Saturday, February 13, 2010

The perfectly outrageous motion picture

I've had the most fantastic past two hours watching Sidney Lumet's 1976 film Network. I don't intend to write a review of the film here - I'm speechless right now, to be honest - and I've had similar feelings after watching three of my all-time favourite films, Sunset Boulevard, Shawshank Redemption and The Clockwork Orange.

Network inevitably adds to that list.

A common thread between all three films is that after I've seen the film, I've felt richer - in emotion, intellect and wisdom - thanks to powerful screenplay writing. The performances are equally astounding and Network is far more closer to life than I imagined, thanks my own closeness in some manner to the working of the television and media industry.

And would you believe it...when I begun watching the film, I thought it was the original of Ram Gopal Varma's Rann. Thank God, it isn't. It can't be.

I'm pasting below some lines from the film. Each line is self explanatory and can be etched in gold. I do not need to explain the context in which they were told. They're statements by themselves, a quality which timeless screenplays have always had, apart from being able to project and predict a future which we now live in. I think this is why some lines are called classics.

Enjoy.

"I want you to get mad. I don't want you to protest, I don't want you to riot, I don't want you to write to your Congressman, because I wouldn't know what to tell you to write. I don't know what to do about the depression, the inflation, the Russians, or the crime in the streets. All I know is that first... You've got to get mad." - Howard Beale, the lead protagonist in Network (A video of this dialogue will do complete justice to this piece. So here's the link.)

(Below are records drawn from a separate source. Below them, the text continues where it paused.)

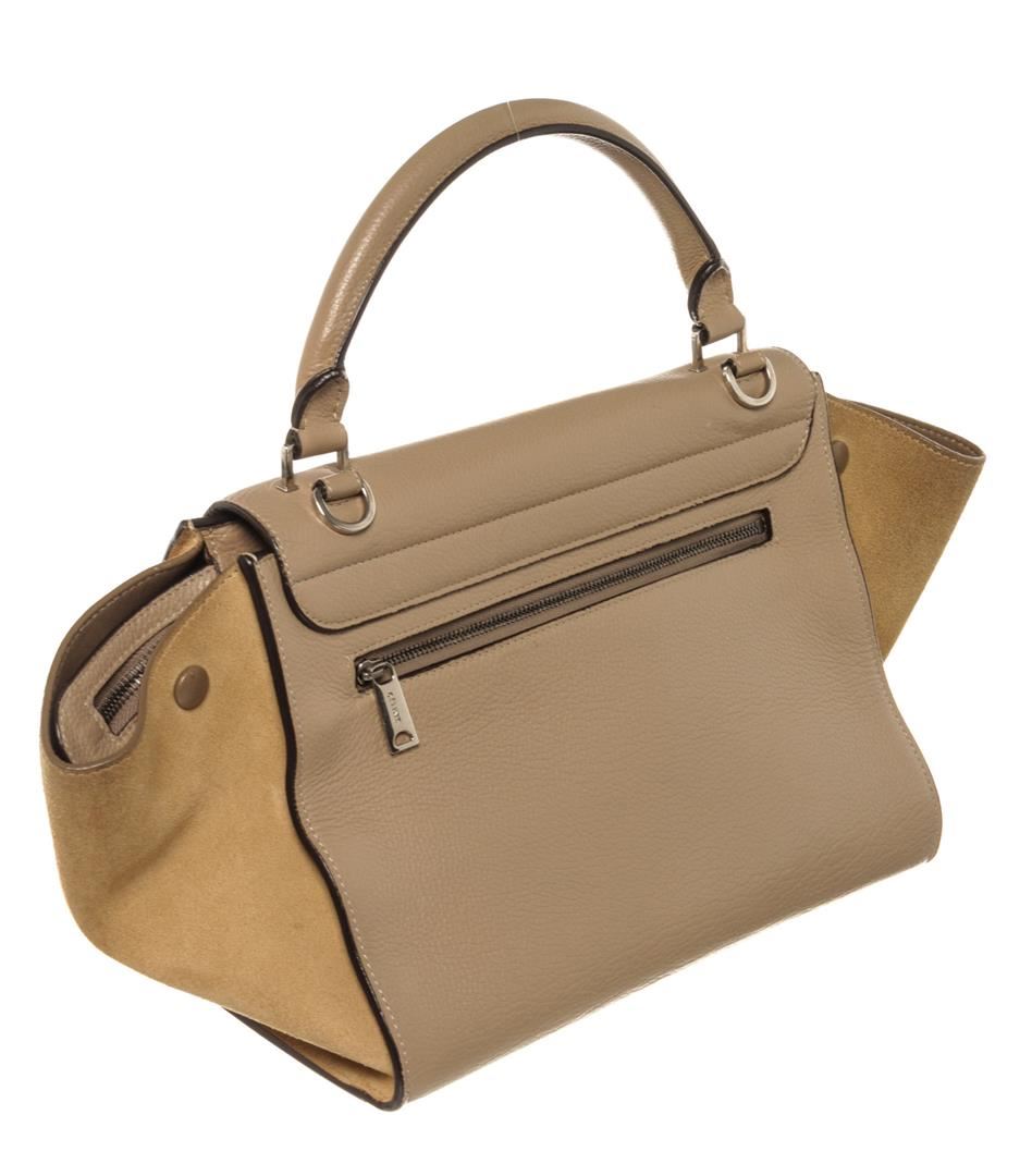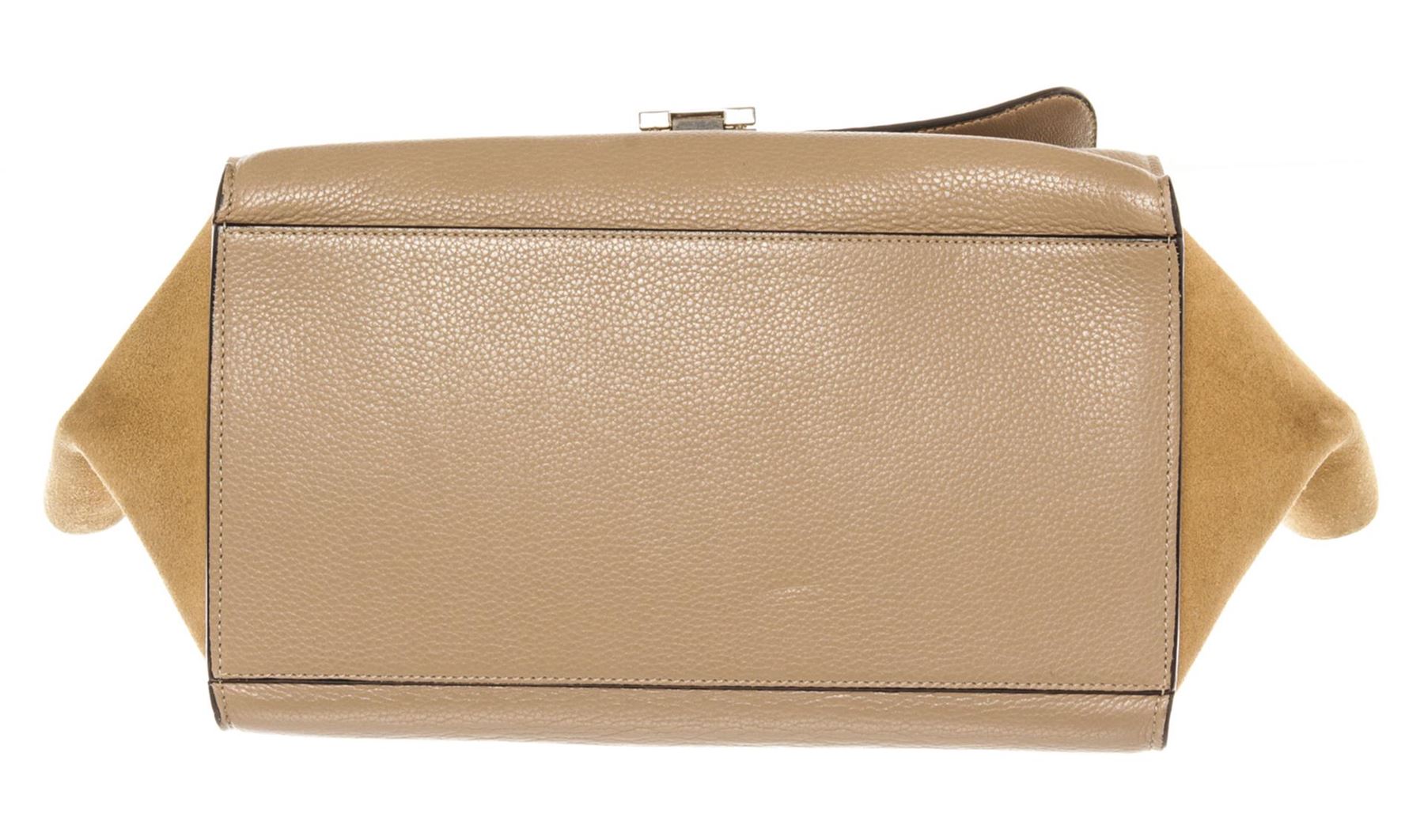 One Celine Beige Leather Suede Trapeze Two-Way Bag. Item is sold AS-IS. All available information is listed in the description and shown in the photo. Beige leather and suede Celine Trapeze 2way bag with silver-tone hardware, single rolled top handle, dual side gussets with snap expansions, exterior zip pocket at back, tonal leather lining, dual interior slit pockets and flip-lock closure at front flap. Detachable shoulder strap. Base L:10.5" Top L:18" W:6" H:8" HD:4"
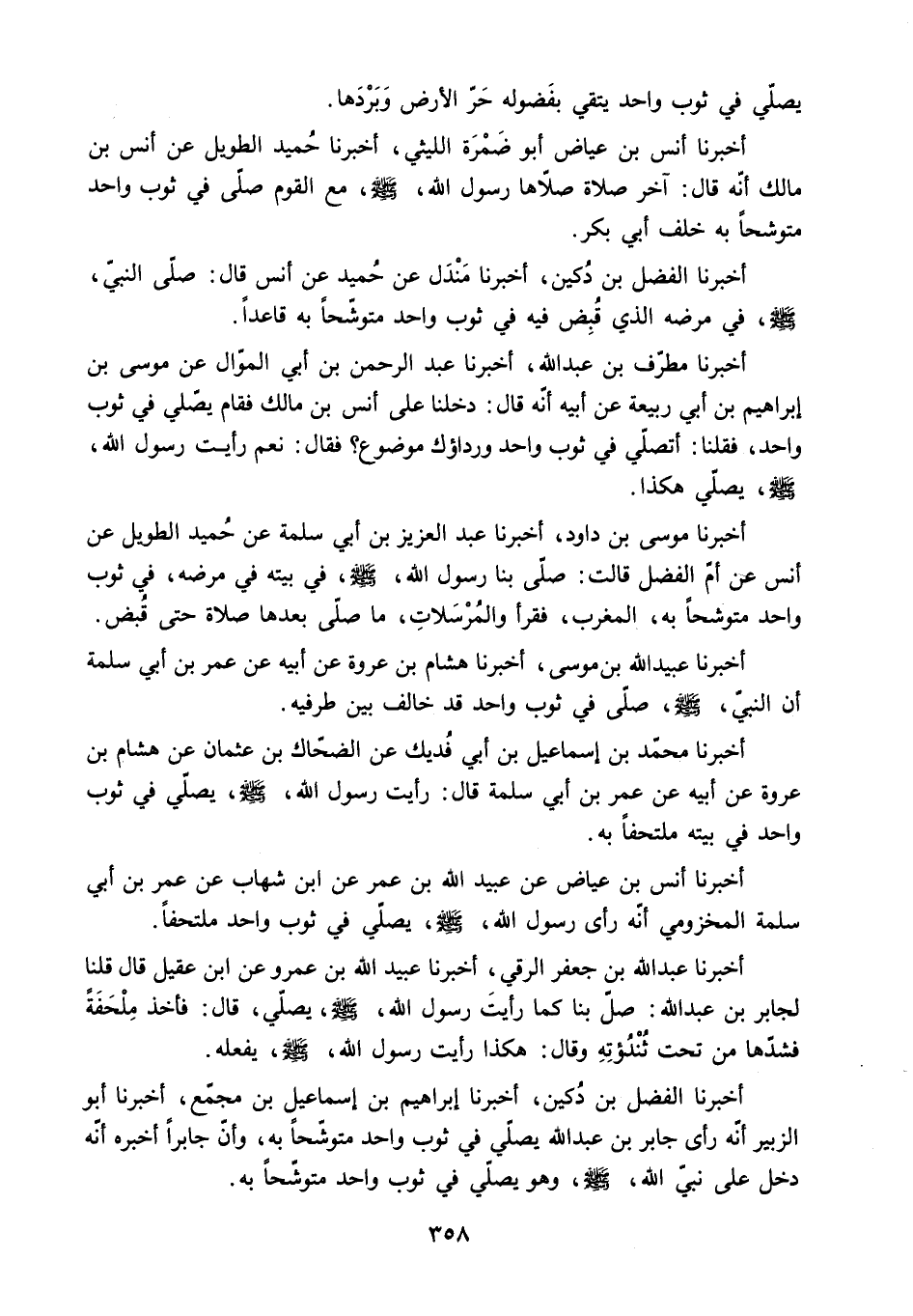 أَخْبَرَنَا الْفَضْلُ بْنُ دُكَيْنٍ. أَخْبَرَنَا إِبْرَاهِيمُ بْنُ إِسْمَاعِيلَ بْنِ مُجَمِّعٍ. أَخْبَرَنَا أَبُو الزُّبَيْرِ أَنَّهُ رَأَى جَابِرَ بْنَ عَبْدِ اللَّهِ يُصَلِّي فِي ثَوْبٍ وَاحِدٍ مُتَوَشِّحًا بِهِ. وَأَنَّ جَابِرًا أَخْبَرَهُ أَنَّهُ دَخَلَ عَلَى نَبِيِّ اللَّهِ - صَلَّى اللَّهُ عَلَيْهِ وَسَلَّمَ - وَهُوَ يُصَلِّي فِي ثَوْبٍ وَاحِدٍ مُتَوَشِّحًا بِهِ.
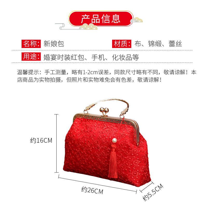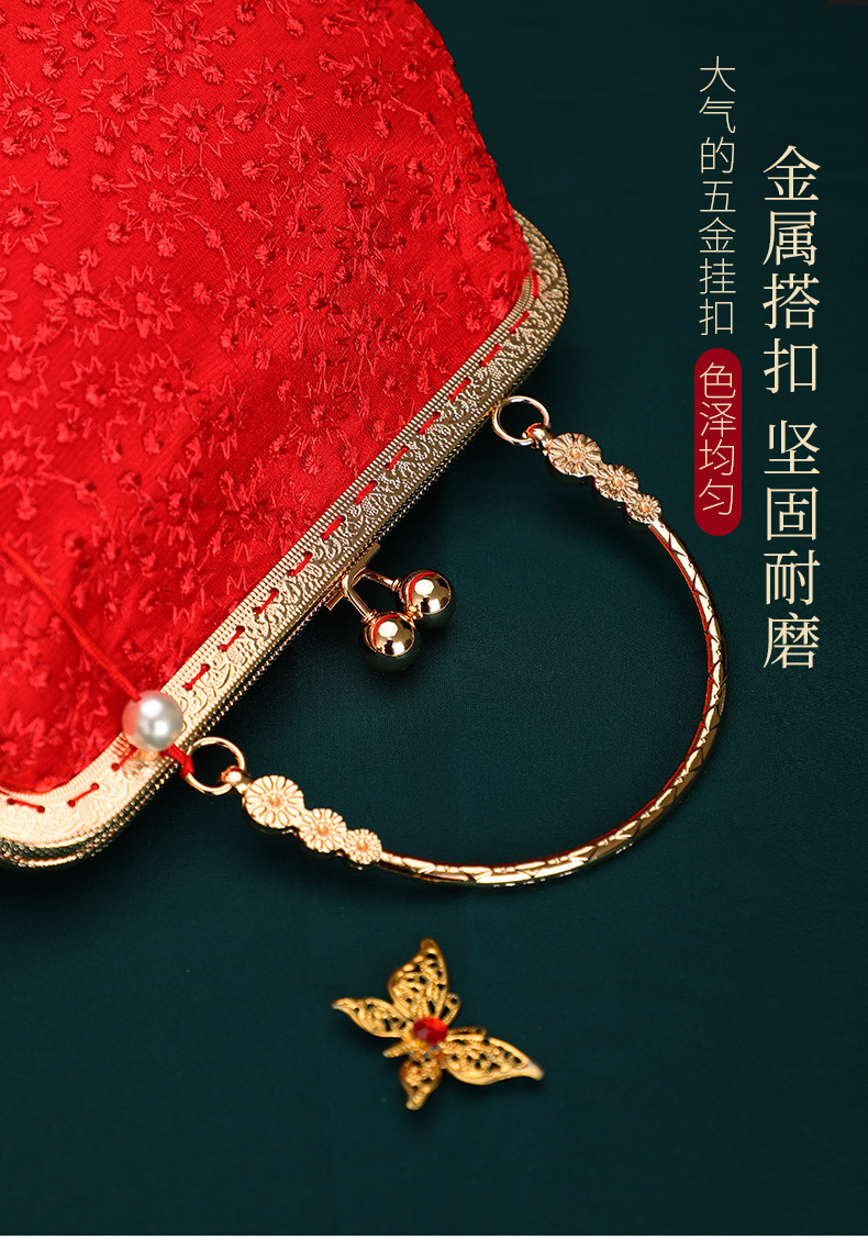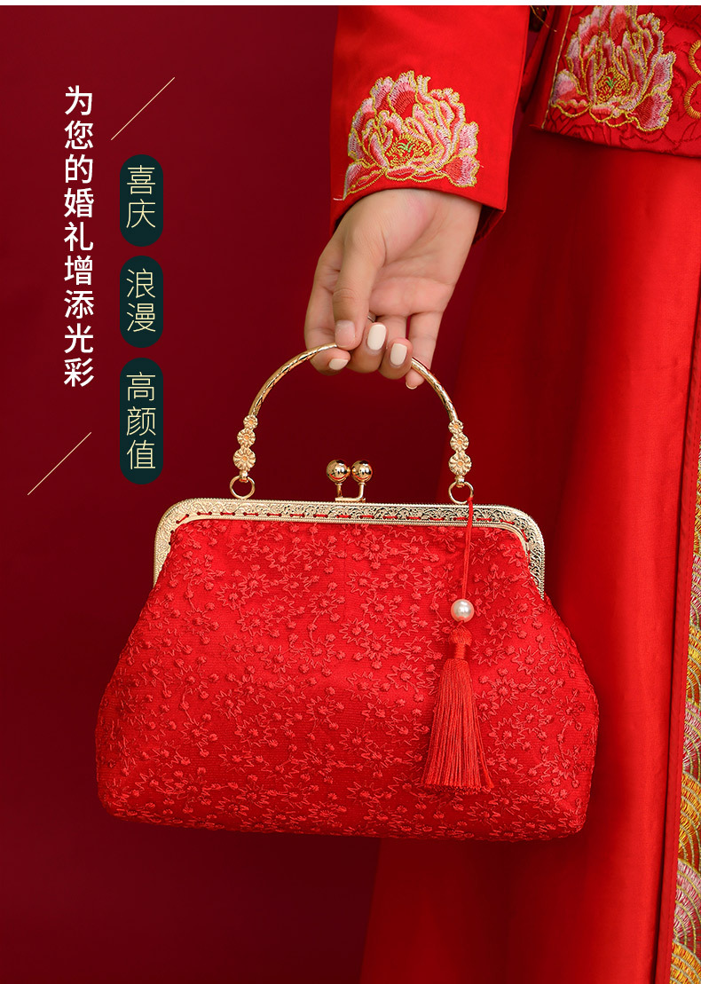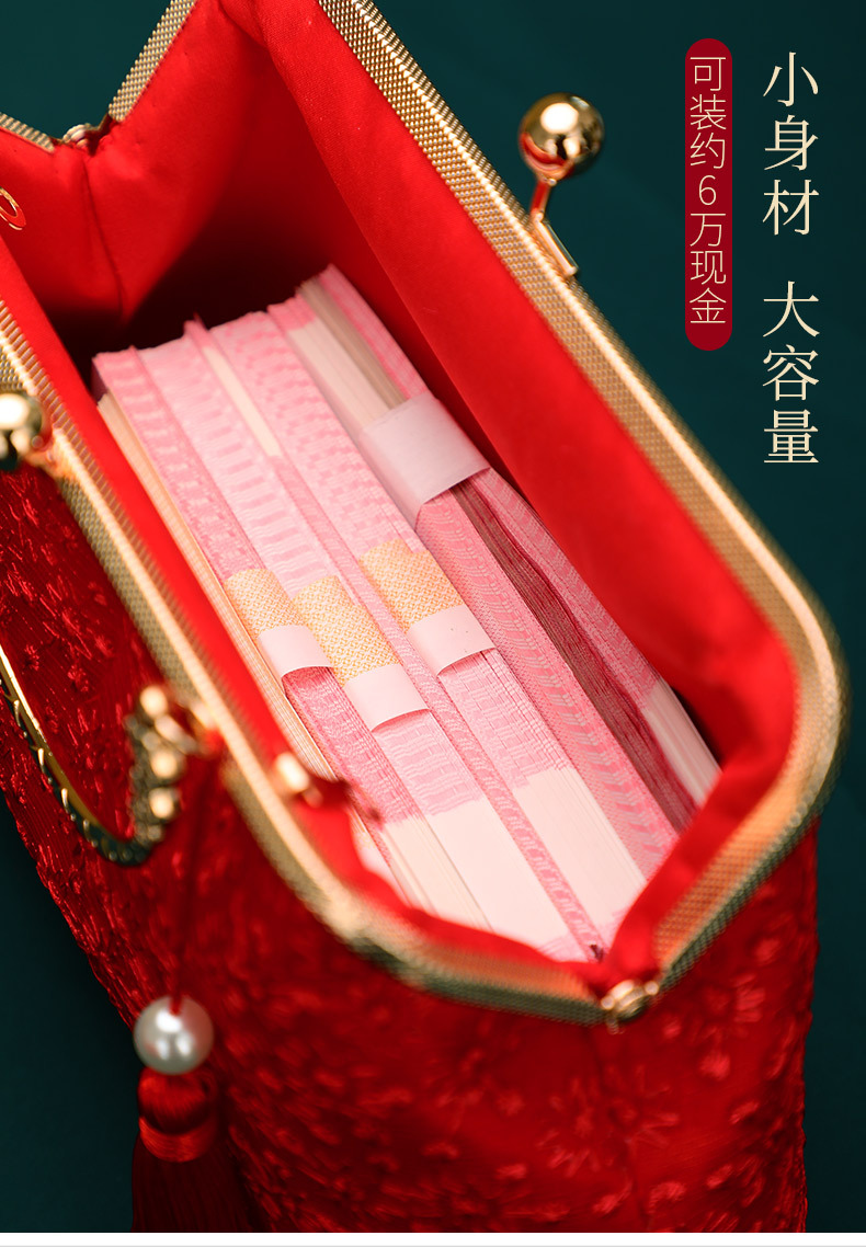 Boda bolso de suministros de la novia boda bolsa roja bolsa de regalo nupcial dote bordado bolsa de cosméticos
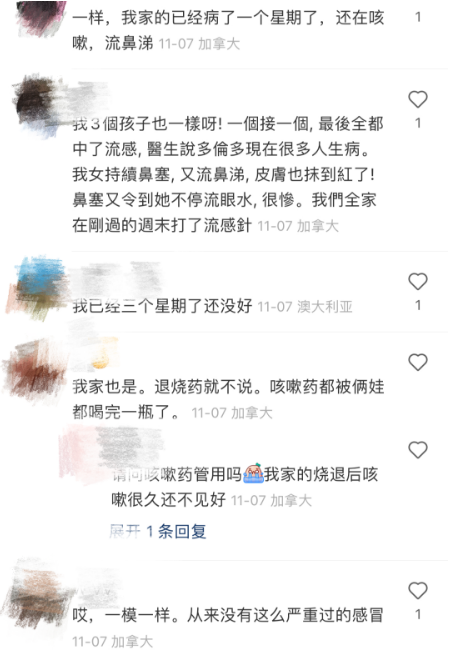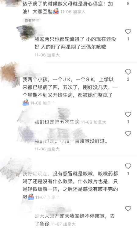 从该博主帖子下面的留言可以看到,很多华人家长都表示孩子得病,父母和孩子都跟着一起受罪!恢复起来的周期也比较长,有些表示三个星期了,还在咳嗽,真的太折磨人了!
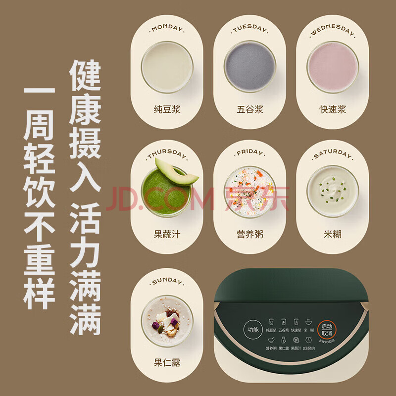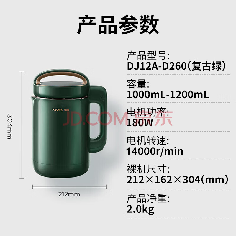 商品相册:九阳(Joyoung)豆浆机 1.2L破壁免滤双层杯体304级不锈钢家用多功能榨汁机料理机 DJ12A-D260(复古绿)第

"Am I getting through to you, Mr. Beale? You get up on your little twenty-one inch screen and howl about America and democracy. There is no America. There is no democracy. There is only IBM, and ITT, and AT&T, and DuPont, Dow, Union Carbide, and Exxon. Those *are* the nations of the world today." - Arthur Jansen, promoter of the network, to Howard Beale

"I was married for four years, and pretended to be happy; and I had six years of analysis, and pretended to be sane. My husband ran off with his boyfriend, and I had an affair with my analyst, who told me I was the worst lay he'd ever had. I can't tell you how many men have told me what a lousy lay I am. I apparently have a masculine temperament. I arouse quickly, consummate prematurely, and can't wait to get my clothes back on and get out of that bedroom. I seem to be inept at everything except my work. I'm goddamn good at my work and so I confine myself to that. All I want out of life is a 30 share and a 20 rating." - Diana Christensen, programming head of UBS Television

"It's too late, Diana. There's nothing left in you that I can live with. You're one of Howard's humanoids. If I stay with you, I'll be destroyed. Like Howard Beale was destroyed. Like Laureen Hobbs was destroyed. Like everything you and the institution of television touch is destroyed. You're television incarnate, Diana: Indifferent to suffering; insensitive to joy. All of life is reduced to the common rubble of banality. War, murder, death are all the same to you as bottles of beer. And the daily business of life is a corrupt comedy. You even shatter the sensations of time and space into split seconds and instant replays. You're madness, Diana. Virulent madness. And everything you touch dies with you. But not me. Not as long as I can feel pleasure, and pain... and love." - Max Schumacher, Diana's lover and retrenched newsroom editor of UBS Television
There are many more memorable lines and I suggest you watch the film to get a sense of what I'm talking about.